## ✨ EmoPrefer

## 🚀 EmoPrefer-Data
**This is the first multimodal preference dataset centered on human emotions.** For this dataset, we provide two emotion descriptions for each video and recruit multiple expert annotators to label preferences. Only samples with unanimous agreement among all annotators are retained, ensuring high-quality preference annotations. The raw dataset is based on MER2024, which is available at: https://huggingface.co/datasets/MERChallenge/MER2024
```bash
dataset
├── video # download from MER2024
├── audio # download from MER2024
├── preference_threestrict.csv
├── preference_threestrict_reverse.csv
├── preference_threestrict_with_modelnames.csv
├── license.txt # license for this dataset
```


## 🗝️ EmoPrefer-Bench
**This is the first benchmark for evaluating MLLMs' performance in emotion preference prediction.** In this benchmark, we conduct a comprehensive evaluation of different MLLMs and prompting techniques, further exploring strategies to enhance their alignment with human preferences. Using this dataset and benchmark, we reveal the performance of MLLMs in emotion preference prediction.

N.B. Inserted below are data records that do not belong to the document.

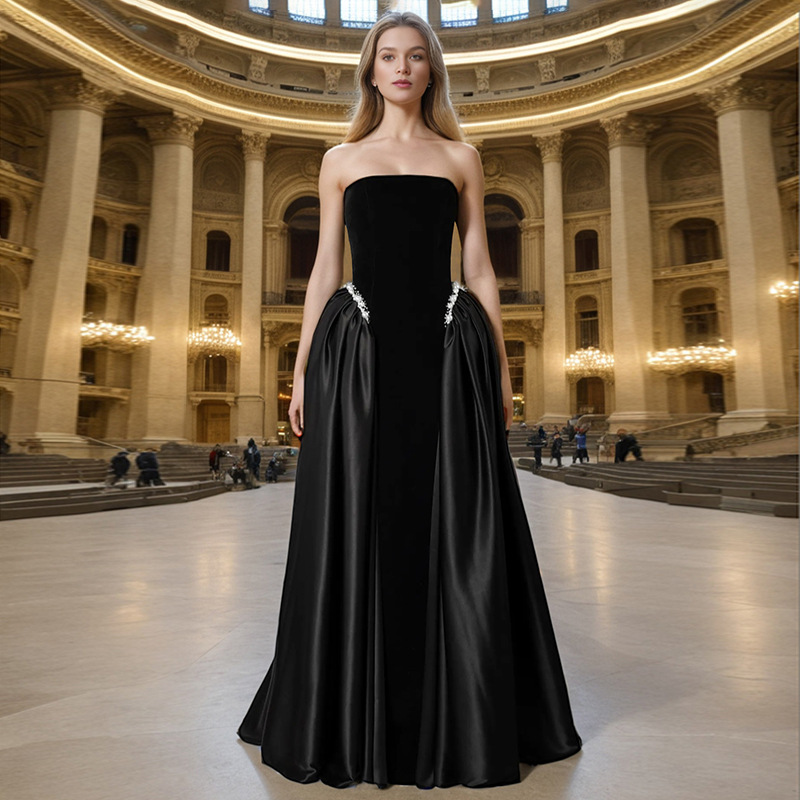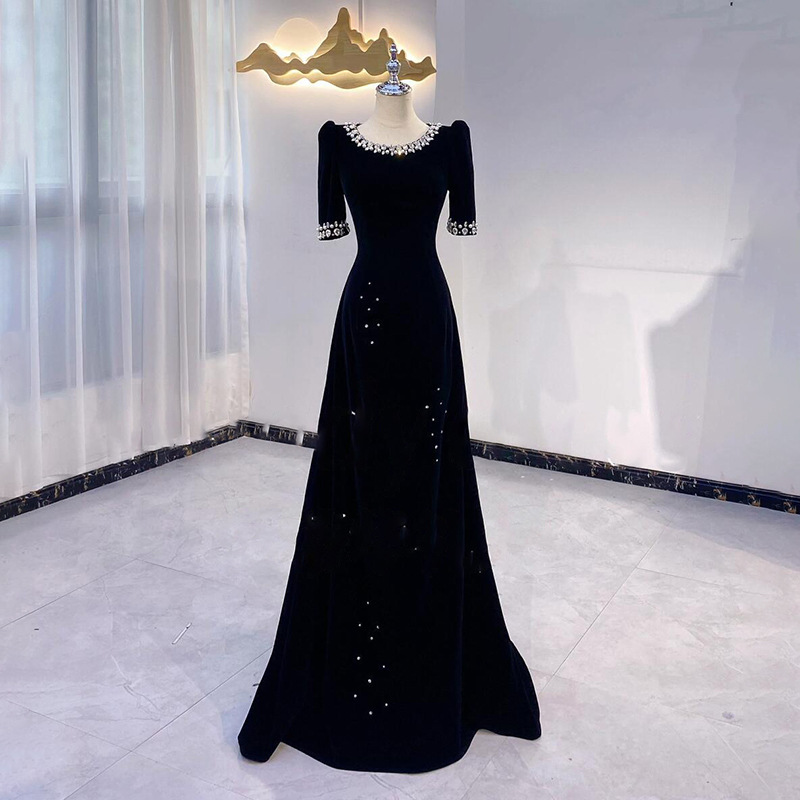 Gaun Malam Berpayet Hitam Rok Panjang Perjamuan Tuan Rumah Elegan Kelas Atas
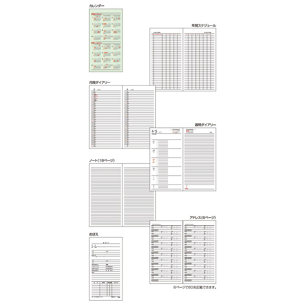 | 内容 | カレンダー、年間スケジュール、月間スケジュール(翌年4月まで)、週間スケジュール、ノート、アドレス、おぼえ |
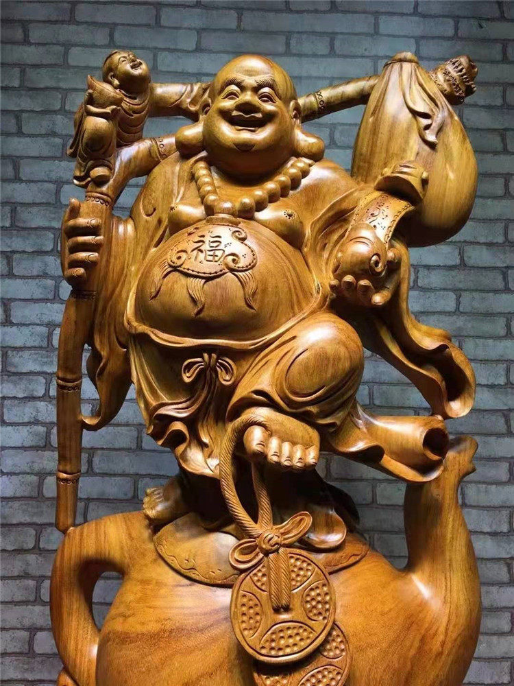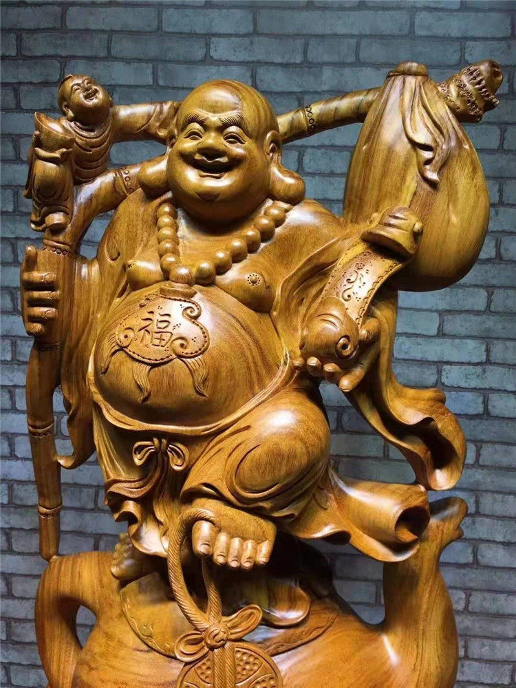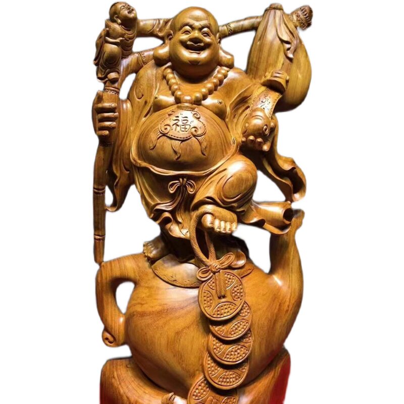 Wood Sculpture Laughing Buddha Craftsmanship Gift Pendulum figurates Sculpted Decoration Home Root Carved-in-the-wood Rosewood wood Millver
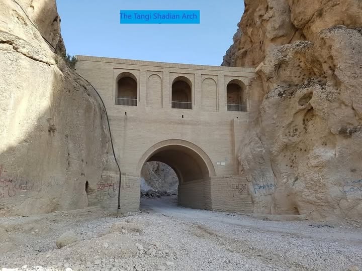 عرض منفذ این رواق ( ۴) متر و ارتفاع آن به (۴) متر میرسد، که از خشت پخته، مصالح ساختمانی « ریگ و چونه » ساخته شده است. این بنأی تأریخی در مجموع حدوداً ( ۸ ) متر پهنا و (۸) متر ارتفاع دارد. این اثر تأریخی در دهنه ورودی دره شادیان- شهرستان چهارکنت ولایت بلخ و در حدود پانزده کیلومتری جنوب شهرمزارشریف قرار دارد. در حقیقت طاق تنگی شادیاخ، کوههای دو طرف درۀ آب گذر شادیان را بهم وصل کرده است. در ضمن گفته می شود، که تاق بزرگ دره شادیان، درگذشته منحیث یک دژ نظامی کار برد امنیتی و نظامی داشته ، طوریکه تا اکنون نیز بر فراز آن، اطاق هائی جهت بود و باش محافظین و امکانات دفاعی چون تیرکش ها و روشندان ها دیده می شوند.

### Requirements and Installation
```bash
conda env create -f environment.yml
```

### Main Code
Take 'qwen25omni_7b' as an example. Please download weights and change config.model2path['qwen25omni_7b'] to your own path.

```bash
CUDA_VISIBLE_DEVICES=0 python -u main_dpo_batch.py --model='qwen25omni_7b' --input_type='audiovideo' --output_type='preferencestrict' --prompt='normal' --totalround=2
CUDA_VISIBLE_DEVICES=0 python -u main_dpo_batch.py --model='qwen25omni_7b' --input_type='audiovideo' --output_type='preferencestrict' --prompt='cot'    --totalround=2
CUDA_VISIBLE_DEVICES=0 python -u main_dpo_batch.py --model='qwen25omni_7b' --input_type='audiovideo' --output_type='preferencestrict' --prompt='cot2' --llm='qwen25'  --totalround=2
CUDA_VISIBLE_DEVICES=0 python -u main_dpo_batch.py --model='qwen25omni_7b' --input_type='audiovideo' --output_type='preferencestrict' --prompt='cot3' --llm='qwen25'  --totalround=2

CUDA_VISIBLE_DEVICES=0 python -u main_dpo_batch.py --model='qwen25omni_7b' --input_type='audiovideo' --output_type='preferencestrictreverse' --prompt='normal' --totalround=2
CUDA_VISIBLE_DEVICES=0 python -u main_dpo_batch.py --model='qwen25omni_7b' --input_type='audiovideo' --output_type='preferencestrictreverse' --prompt='cot'    --totalround=2
CUDA_VISIBLE_DEVICES=0 python -u main_dpo_batch.py --model='qwen25omni_7b' --input_type='audiovideo' --output_type='preferencestrictreverse' --prompt='cot2' --llm='qwen25'  --totalround=2
CUDA_VISIBLE_DEVICES=0 python -u main_dpo_batch.py --model='qwen25omni_7b' --input_type='audiovideo' --output_type='preferencestrictreverse' --prompt='cot3' --llm='qwen25'  --totalround=2
```

### Intermediate Outputs
We provide intermediate results in *./output-matching* folder



## 🔒 License

This project is released under the Apache 2.0 license as found in the LICENSE file. The service is a research preview intended for **non-commercial use ONLY**. Please get in touch with us if you find any potential violations.